Re-imagine Employee Experience Using Human-Centered Service Design

Originally Published by DTGroup USA

We are in a time of extraordinary change in all areas of human society—and one of the areas of greatest disruption is the future of work. Respond effectively by using the proven tools of service design.

The pandemic greatly shifted how we work and interact with our workplaces and coworkers. As a result, now is an optimal time to craft workplace experiences that support people’s needs. By using service design—the practice of using human centered design tools and methods to create a set of services that weave together an experience tailored to a specific set of needs—we can re-imagine what the employee experience could be.

Intrigued? Wondering what service design entails? Let me explain.

Employee Research

The starting point for any design project should always be research. By conducting employee research, you put yourself in the shoes of the group of people you are designing for and whose experience you seek to understand.

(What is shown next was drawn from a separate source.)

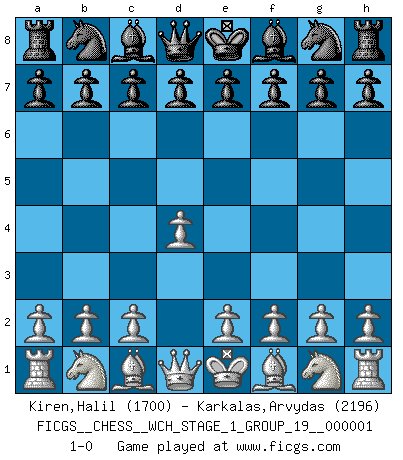 Last move : 1-0 2006 August 26 18:45:33 [Event "FICGS__CHESS__WCH_STAGE_1_GROUP_19__000001"] [Site "FICGS"] [Date "2006.07.27"] [Round "1"] [White "Kiren,Halil"] [Black "Karkalas,Arvydas"] [Result "1-0"] [WhiteElo "1700"] [BlackElo "2196"] 1.d4 1-0 This chess game has been lost on time (started : 2006.07.27 16:44:55) Queen's pawn Player White won this chess game. Follow this game move after move (download)Openings teach you openings. Endgames teach you chess ! (Stephan Gerzadowicz) Ein Großmeister muß tausende Partien in seinem Kopf speichern, denn diese sind für Ihn, was die Worte der Muttersprache für gewöhnliche Leute sind, oder Noten für Musiker... (Garry Kasparov) Aún el Rey más flojo huye despavorido ante la amenaza de un Jaque doble. (Aaron Nimzowitsch) Fischer est le meilleur joueur du monde et Karpov n'est qu'un joueur de bistrot. (Garry Kasparov, agé de 16 ans) I find television to be very educating. Every time somebody turns on the set, I go in the other room and read a book. (Groucho Marx)
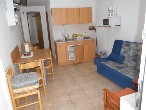 Lejligheden er udstyret med: stue, soveværelse, badeværelse-bruser, køkken-kit, aircondition, TV, parkering, havebruser, grill i stenhuset, overdækket veranda ca 12 m2. (((+ 50 meter til strand-havet, rolig del af landsbyen - egnet til børn + )))

Employee research can be conducted in an infinite number of ways, but at DesignThinkers Group, we find using interactive activities during interviews to be a highly effective method to both observe and learn from your employees’ behavior and gather responses through the completion of the activity.

Figures 1 and 2 below are examples of how activities can be designed on a digital whiteboard tool like Mural to guide the interview. Similar activities can be done in person using printed templates.

As an example of how you might use this technique, let’s say you want to understand the journey of your user through a particular moment. You could map out that journey on a digital whiteboard and, during an interview, ask the employee to provide feedback and fill in any gaps that they think are missing. You could then ask them to rate the level of difficulty and their emotional state at different points along the journey. In this interactive way, you are able to not only gather a more complete view of your user’s journey but you can also observe their behavior in completing the activity which may provide further insight.


Co-creation is a critical ingredient in imagining and designing an employee experience that truly benefits the stakeholders and ultimately the organization. Co-creation is the process of designing with—not for—the employee. It can and should be embedded in many parts of the design process. 

Three common opportunities for using co-creation in the design process are:

  1. Level-Setting Workshops
  2. Ideation Workshops
  3. Prototyping & Testing

Level-Setting Workshops
The purpose of this kind of workshop is to download all of your organization’s knowledge and create a starting point. A level-setting workshop can be used at the start of a service design project to create buy-in and gather information from a variety of stakeholders who have diverse perspectives on the employee’s experience. This kind of workshop can also be used after employee research to ask follow-up questions to participants. 

A level-setting workshop may also serve as an opportunity to confirm the general trends and insights that were collected from the research phase of a project as well as refine any problem statements that were synthesized. This allows you to confirm that what you heard and interpreted in the interviews was right and to share those high-level problem areas with employees.

Ideation Workshops
Co-creating during ideation with the stakeholders is an excellent way to get employees to contribute ideas of their own while ensuring that the solutions being generated are personalized to them and actually do resolve their pain points. Selecting and prioritizing with stakeholders which ideas are to be used for prototyping within company resources and other pre-determined project constraints also ensures the ideas moving forward for prototyping are the most impactful.

Prototyping & Testing
Once ideas have been selected and prioritized, the design process moves to the stage of prototyping, where the most promising ideas are refined and developed by creating some form of ‘quick and cheap’ visual model depicting the different ‘scenes’ of the employee’s experience. This could be physical models (a cardboard mock-up, for example) or a storyboard. These prototypes are then used to present the concept to employees to get their feedback.

Needless to say, involving your stakeholders in the prototyping and testing phase is another critical opportunity to co-create and gather feedback on the effectiveness or outcomes of proposed solutions. Their feedback on whether a prototype is effective will serve as data to iterate upon and develop a good solution.